Gastric cancer conjugate drug increases survival by 41% in phase 2 trial

Reuters Health Information: Gastric cancer conjugate drug increases survival by 41% in phase 2 trial

Gastric cancer conjugate drug increases survival by 41% in phase 2 trial

Last Updated: 2020-05-29

By Gene Emery

(Reuters Health) - The antibody drug conjugate trastuzumab deruxtecan improves overall survival by 41% in people with HER2-positive gastric cancer compared to conventional chemotherapy, according to the results of an open-label phase 2 test of 187 volunteers reported Friday.

Details of the DESTINY-Gastric01 study were released online during the American Society of Clinical Oncology's 2020 Virtual Scientific Program and published by The New England Journal of Medicine.

Japan's Daiichi Sankyo, which designed and paid for the study, had previously announced, without offering specifics, that the treatment had produced a meaningful improvement in the objective response rate and a significant increase in overall survival.

Median overall survival was 12.5 months for the 125 volunteers from Japan and South Korea who received the treatment - a combination of an anti-HER2 antibody, a cleavable tetrapeptide-based linker and a cytotoxic topoisomerase 1 inhibitor.

In the control group, where the 62 patients received their physician's choice of chemotherapy, median overall survival was 8.4 months (P=0.01).

The objective response rate was 51% with trastuzumab deruxtecan versus 14% with physician's choice therapy (P<0.001).

Before the test, all of the patients had seen their gastric or gastroesophageal junction adenocarcinoma progress after having received at least two previous therapies.

An estimated 15% to 20% of such tumors are HER2 positive.

The research team, led by Dr. Kohei Shitara of the National Cancer Center Hospital East in Kashiwa, Japan, estimated that the overall survival at 12 months would be 52% with trastuzumab deruxtecan versus 29% in the physician's choice group.
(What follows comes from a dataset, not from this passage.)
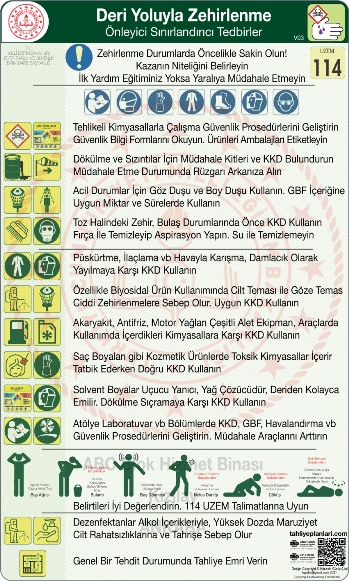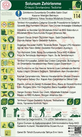 İşyerinizde tehlikeli kimyasallar, yanıcı sıvı ve gazlar, sıkıştırılmış gaz tüpleri , yemek pişirimi, kantin vb zehirlenmenin yaşanabileceği alanlarda panonun tekrarlanarak asılması tavsiye edilir

However, neutrophil counts declined significantly in 51% of patients receiving the drug conjugate, compared with 24% of patients receiving other therapies, most frequently irinotecan or, in 7 cases, paclitaxel.

In addition, the experimental treatment produced interstitial lung disease or pneumonia in nearly 10% of patients, including one death due to the pneumonia.

The drug conjugate, also known by the brand name Enhertu, is being sold outside Japan by AstraZeneca. The U.S. Food and Drug Administration has approved it for use against unresectable or metastatic HER2-positive breast cancer in patients who were not helped by at least two other anti-HER2-based regimens. It is given as an intravenous infusion every 3 weeks.